We project that the hull and deck will weigh 3 kg total after fabrication. This mass is the sum of three layers of 7.5 oz ﬁberglass at a 50-50 ratio with vinyl ester (1.02 g/mL) [3] and the surface areas of the hull and deck found with the CAD representation. Including the sail and the keel, we expect the total mass of the assembled boat to be 5.1 kg, giving us approximately a 1 kg buﬀer zone between our assembly mass and our hull’s designed displacement rating.

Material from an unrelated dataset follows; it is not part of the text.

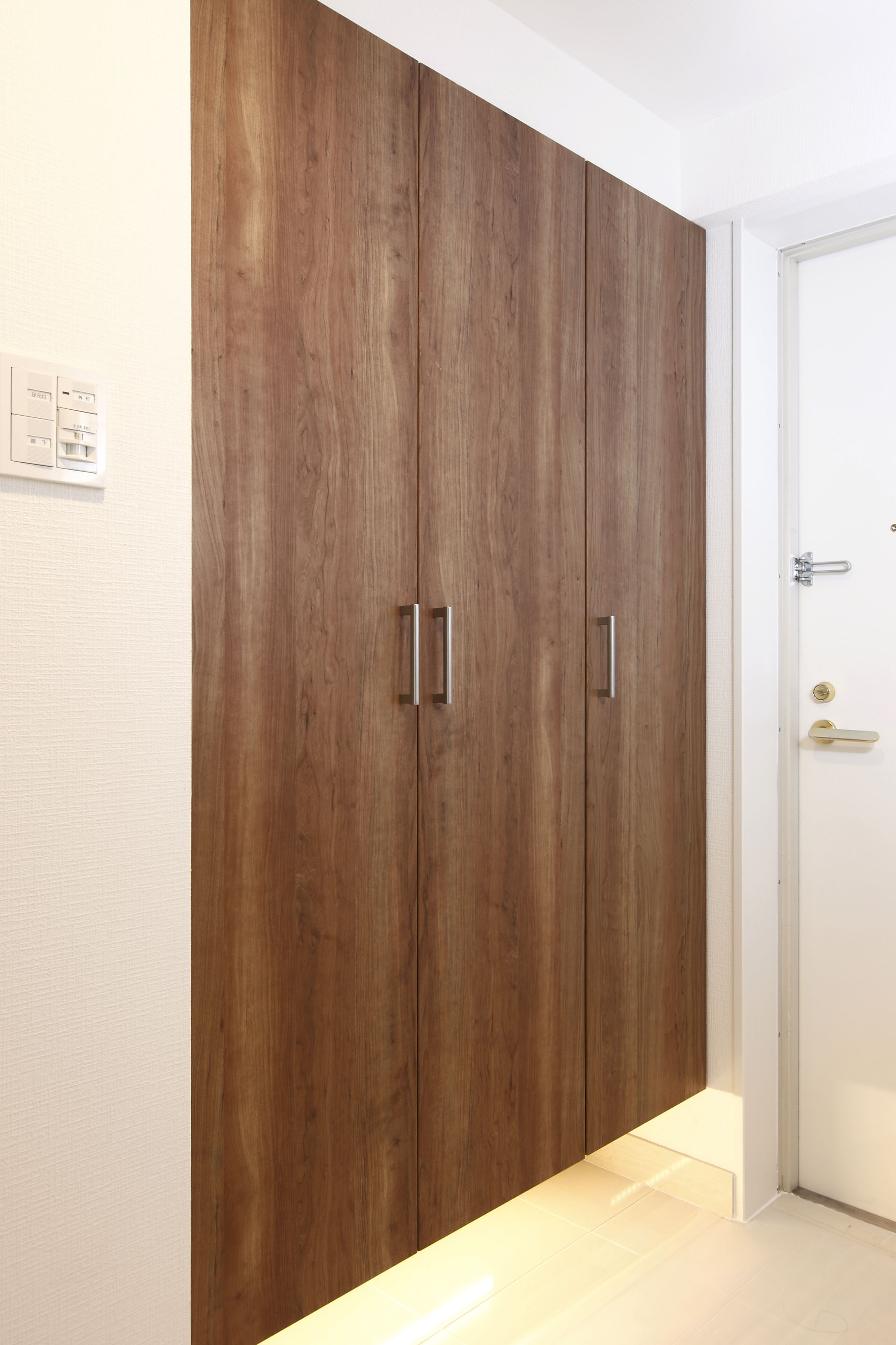 玄関は、右手には棚があります。ブーツなどの高さのある物もしっかり収納ができます◎

2.6 Designing the Keel Shape

2.6.1 Theory

The purpose of a keel is twofold: to provide stability and to prevent sideways motion. The keel stabilizes the boat, preventing rolling by adding a large mass to the system far below the waterline. This large weight keeps the boat’s overall center of mass low. Boat stability is governed by the position of the center of mass, center of buoyancy, and metacenter. The eﬀect of boat heeling, or rotating about its longitudinal axis, is shown in Figure 11. As the boat heels, the center of buoyancy and center of gravity no longer align, producing a moment about the metacenter based on the the lever arm created between them. This is called the righting moment, and returns the boat back to its stable equilibrium, or the upright position with a heel angle of zero. The metacenter is located along the boat’s vertical centerline, at a position exactly deﬁned by the heeling angle. The heeling angle is the angle between vertical and the boat’s vertical centerline. A center of mass as low as possible is important, to increase the lever arm about the metacenter to create the righting moment. Therefore, optimum stability is achieved when the weight of the keel is designed as far from the hull as constraints allow.

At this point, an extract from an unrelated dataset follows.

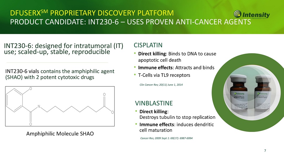 7 DFUSERX SM PROPRIETARY DISCOVERY PLATFORM PRODUCT CANDIDATE: INT230 - 6 – USES PROVEN ANTI - CANCER AGENTS INT230 - 6: designed for intratumoral (IT) use; scaled - up, stable, reproducible INT230 - 6 vials contains the amphiphilic agent (SHAO) with 2 potent cytotoxic drugs Amphiphilic Molecule SHAO CISPLATIN • Direct killing : Binds to DNA to cause apoptotic cell death • Immune effects : Attracts and binds • T - Cells via TL9 receptors Clin Cancer Res; 20(11) June 1, 2014 VINBLASTINE • Direct killing : Destroys tubulin to stop replication • Immune effects : induces dendritic cell maturation Cancer Res; 2009 Sept 1: 69(17): 6987 - 6994

11 Figure 11: Force diagram of contributing factors to the righting moment. The hull buoyant force originates from the center of buoyancy, which isn’t directly labeled. The metacenter is located along the vertical center-line of the boat deﬁned exactly by the heeling angle. The segment d represents the righting lever arm. The righting moment is created by the action of the weight and hull buoyancy on this lever arm to right the boat. When the boat is perfectly upright, the forces are in line, so there is no moment produced and the boat is in stable equilibrium. Since the keel and sail side force contribute to the moment perturbing the boat in the ﬁrst place, designing the keel side force to act as close to the hull as possible will shorten the lever arm, lowering the destabilizing moment. [Michalak, Jim. ”Jim Michalak’s Boat Designs” http://www.jimsboats.com/15nov12.htm]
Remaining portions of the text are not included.